Le syndicat Verdi met Metro sous pression

Le syndicat allemand Verdi s’oppose fermement aux projets du CEO Olaf Koch visant à céder la chaîne d’hypermarchés Real, en difficulté, et à adapter les conditions salariales. Une action de grève nationale a eu lieu ce lundi.


Troubles sociaux

Ce lundi les employés de près de la moitié des 282 points de vente allemands de Real ont débrayé et 3000 collaborateurs ont participé à une manifestation devant le siège social du groupe Metro à Düsseldorf. Verdi exige que le retailer signe un nouvel accord salarial collectif pour les quelques 34.000 employés.

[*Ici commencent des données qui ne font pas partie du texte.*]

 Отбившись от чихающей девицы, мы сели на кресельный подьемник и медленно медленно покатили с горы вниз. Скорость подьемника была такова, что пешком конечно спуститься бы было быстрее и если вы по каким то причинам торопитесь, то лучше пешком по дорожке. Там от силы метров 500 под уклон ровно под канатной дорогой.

Jugeant que les coûts liés à ces accords salariaux étaient trop élevés, Metro les avait annulé au printemps dernier, afin de pouvoir embaucher de nouveaux employés à des conditions plus avantageuses. Le syndicat s’oppose à ces mesures et les grévistes bénéficient du soutien du ministre fédéral du travail Hubertus Heil, qui plaide pour un renforcement des conventions collectives de travail dans le secteur du retail. Selon lui, la digitalisation accrue dans le commerce ne peut engendrer l’exploitation.

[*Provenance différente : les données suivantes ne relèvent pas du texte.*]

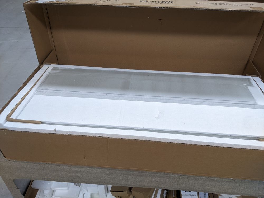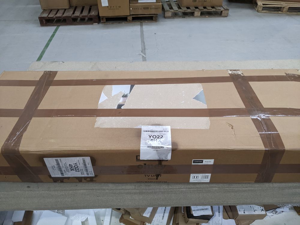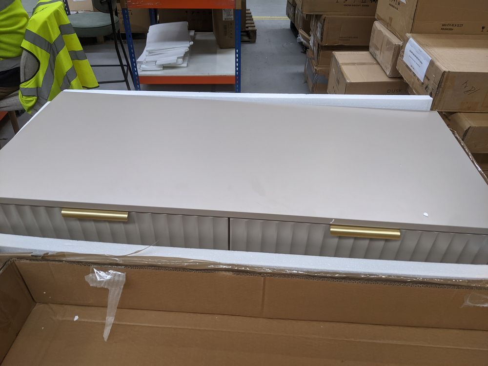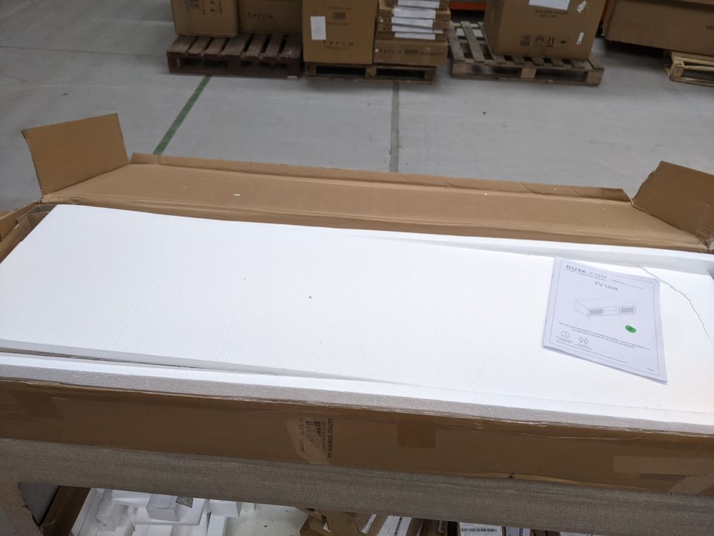 - Dusk Isla 140cm TV Unit - Stone RRP £199 - damaged , pre assembled . parts missing .

En outre ces actions témoignent de la grande inquiétude qui règne parmi les employés depuis que le groupe a fait part de son intention de céder la chaîne. Le CEO pour sa part est déterminé et indique que la grève ne l’empêchera pas de vendre Real. Il estime que Metro doit se concentrer sur les activités de gros : « Notre objectif est de vendre Real dans son ensemble », souligne-t-il. La chaîne pourrait passer aux mains d’une société de capital-risque. Amazon a également été évoqué comme possible candidat-repreneur.